Lilly a pre disposition to alcoholism is correct. Every alcoholic is born an alcoholic. They may not know it at the time they are born but scientifically they are pre disposed to alcoholism. Just as we are now finding genes for Alzheimers you can bet that the gene mutation for Alcoholism will eventually surface.

I know this is off topic but my understanding of what your saying is that if a person was an alcoholic prior to marriage then that would be a reason for anulment. If they became an alcoholic after marriage then that is not a reason since the vows include the words “in Sickness and in Health”. Well just because they were not a noticeable alcoholic prior to marriage does not mean they were any less of an alcoholic. The disease is progressive and in many cases does not truly manifest itself until later in life at which time many people have been married for years. You see, the disease was always there.

Again, we are back to common sense and this seems to be lacking for many of you bent on hell and fire in your responses. I hope your listening here :mad: Henry. I actually pray for those individuals who have fundamental blinders on. The church is not always correct on everything, and they realize that. That is why the church periodically has its leaders convene to discuss the laws of the Church.

God Speed to All of You.😉

Henry you truly need to get a grip on reality. Y
 
Well, I think the Catholic view that marriage should be entered with free will and full consent is probably a recent idea. Historically people have always entered marriage to improve their lives and the Church said nothing about that. Prince and princesses were bethrothed to one another not for love but for political gain and strategic alliances, a widower would marry a woman because he needed someone to care for his children, girls looked for a man to escape poverty or an oppressive father. Sometimes these marriages worked out as you “grew” to love your spouse, sometimes not and you spent your earthy life in hell with no easy way out. Things are a little different now as we have many more choices in life. There are still many people - mainly women in eastern countries who have little or no choice in choosing their marriage partner.
 
I know I’m coming into this late and if the question was answered already, my apologies. Please direct me to that post.
Did you read my earlier response to you?
Anyway, I can’t understand why your wife couldn’t get an annulment based on her first husband’s infidelity and abandonment.
No, the Church cannot break the marriage any more than anyone else can. It’s not an “annulment” - this is a very common misunderstanding - it’s a “Declaration of Nullity.”

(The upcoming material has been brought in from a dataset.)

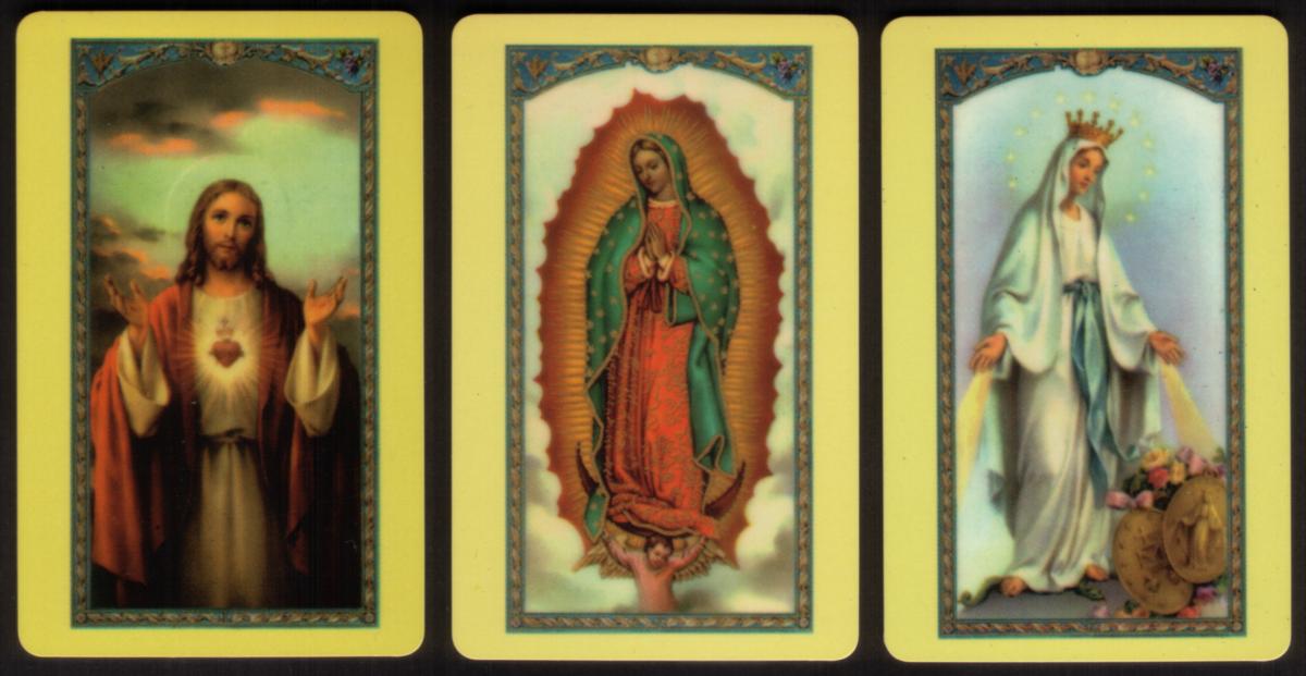 The second card portrays the Virgin of Guadalupe, known as Lady of Guadalupe, standing on a crescent moon held by an angel below. She wears a rose-colored gown and a green mantle covered with stars. A golden radiant halo surrounds her figure. The background is largely white, emphasizing her central image.

They can’t look at anything that happened after the wedding, unless it points to a situation that may have existed at the time of the wedding. In my previous message to you, I was using the example of alcoholism.

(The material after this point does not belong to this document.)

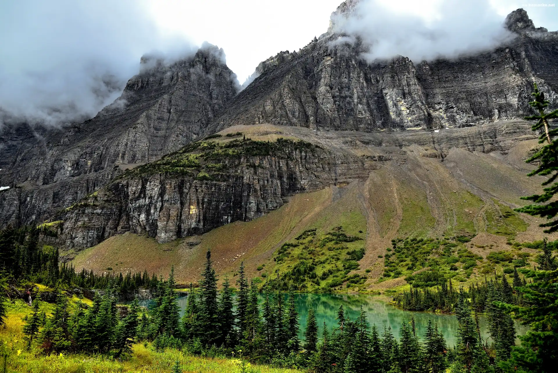Skały, Mgła, Świerki na Komórkę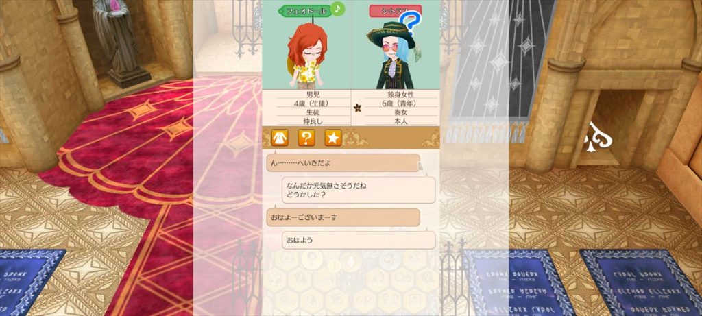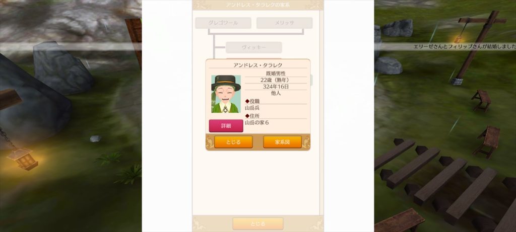 これは!と思って坑道から追いかけましたが、無事結ばれました。お相手のカルロスくんは末裔ちゃんで、糸目ジュリアーナさんの甥っ子。

The only thing they can look at is whether or not the actual wedding itself was valid. Once you take the vows of “for better or worse” then whatever happens after the wedding is included in that vow, and cannot be grounds to say that no wedding ever took place.

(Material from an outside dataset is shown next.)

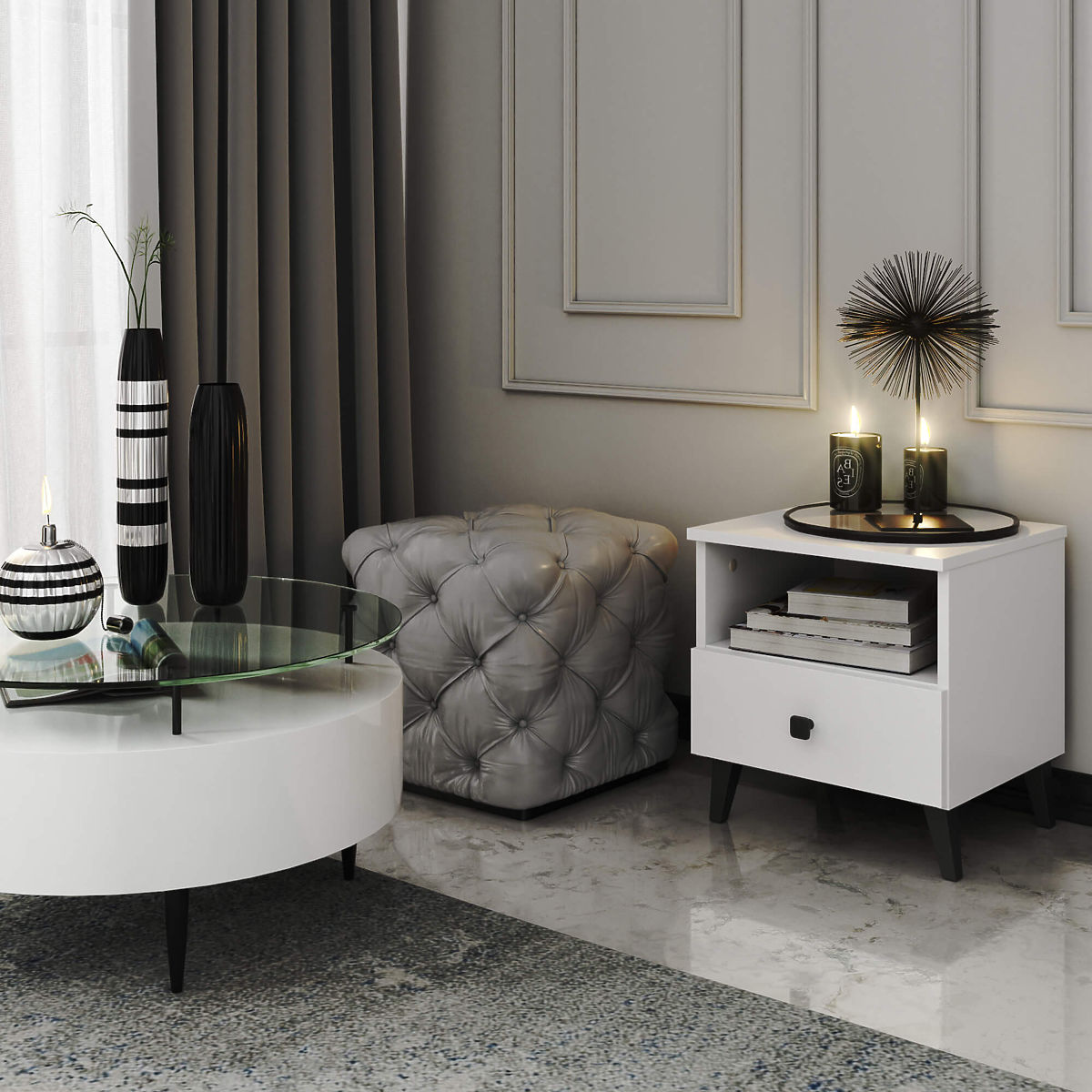 Viele Menschen schätzen Nachttische. Es handelt sich um eine Art Möbelstück, das neben dem Bett platziert wird. Auf seiner Platte kann eine Lampe und das aktuell gelesene Buch platziert werden, während im Inneren Gegenstände aufbewahrt werden können, die das Ausruhen und Einschlafen erleichtern. Ein interessantes Angebot ist der weiße Nachttisch MOBI K01. Er zeichnet sich durch Funktionalität aus und präsentiert sich gleichzeitig wunderschön im Schlafzimmer.

You can separate from your spouse and even get a civil divorce if he or she is making the common life unbearable, but you are married to him or her for life in the eyes of God - you cannot remarry.
I know a person who was able to get an annulment from his first wife with no problems. Neither one was committing adultry, they were married in the Catholic Church, and he said the process wasn’t even that long or arduous. He would be first to admit that there really wasn’t anything truly wrong, they just stopped loving each other. (Please note, I’m not condoning this. I also believe in for good or ill.) How could he have been granted an annulment so easily and then your wife, who has a first husband who was unfaithful and abandoned her and their child, not be granted one?
Becaues they don’t look at anything that happens after the wedding takes place. In the case of your friend, the most likely thing is one or both of them didn’t know what was going on at the wedding, and didn’t understand the vows they were taking, for some reason - immaturity, not being in their right mind at the time, or whatever the case may be.
I do hear of people greasing the palm to get one, but I don’t want to believe that and really hope that wasn’t the case with the person I know. I’m sorry, I just don’t understand very well of what goes into the annulment process. Thanks
This is extremely unlikely.
 
The church is not always correct on everything, and they realize that. That is why the church periodically has its leaders convene to discuss the laws of the Church.
Aaah. You are correct. The church is not always correct on everything.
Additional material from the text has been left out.